In addition to this general overview, we have also identified some species‐specific exons in TCF7 and TCF7L2 previously described for some of the species (e.g., H. sapiens exon “a” and D. rerio exon “c” in Figure 3; Young et al., 2019) and here seen conserved only inside their respective clades (Figure 3; Appendix S1). However, the exon–intron structures of the four ohnolog subfamilies (TCF7, LEF1, TCF7L1, and TCF7L2) are revealed as being very highly conserved across all gnathostomes examined, with LEF1 paralogs showing similarities with TCF7, and TCF7L1 clear similarities with TCF7L2, yet TCF7 and TCF7L2 also sharing aspects of their generally more complex exon–intron structures.

Cyclostome TCF genes encode remarkably similar domains to the gnathostome TCF/LEF genes and are organized with a broadly similar exon–intron structure. However, our analysis reveals that cyclostome TCF genes do not simply map to the gnathostome TCF/LEF ohnolog subfamily framework, since no particular cyclostome gene contains all of the same features as any specific gnathostome ohnolog (Figure 3).

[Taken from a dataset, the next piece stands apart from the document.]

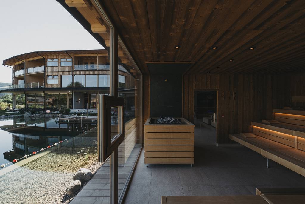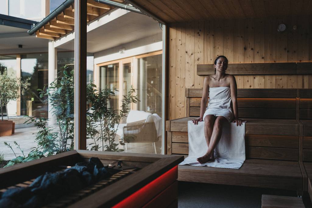 Viel Glas, warmes Holz und der Blick hinaus zum Teich. In unserer Kräuterkuchl trifft sanfte Wärme auf den Duft frischer Kräuter aus dem eigenen Garten. Ein Ort zum Abschalten, Durchatmen – und einfach nichts tun. Mit rund 50 °C und wohltuender Luftfeuchtigkeit wirkt diese Soft‑Sauna besonders mild und beruhigend. Wärme, die umhüllt, ohne zu beschweren – und Stille, die lange nachklingt.

TCFa (P. marinus chromosome 8) shows some similarity in gene structure with TCF7L2: alternative splicing of exon IV, no alternative splicing of exon VII, and the presence of exon XII′, XIII, and B‐like and E‐like isoforms from exon XIV. Nevertheless, TCFa does not have the LVPQ, SxxSS, and CtBP motifs, which is more reminiscent of TCF7. Additionally, the XII′ exon (encoding for a CRALF motif) has only been found in E. burgeri TCFa. Thus, TCFa possesses features resembling both the gnathostome TCF7 and TCF7L2 subfamilies.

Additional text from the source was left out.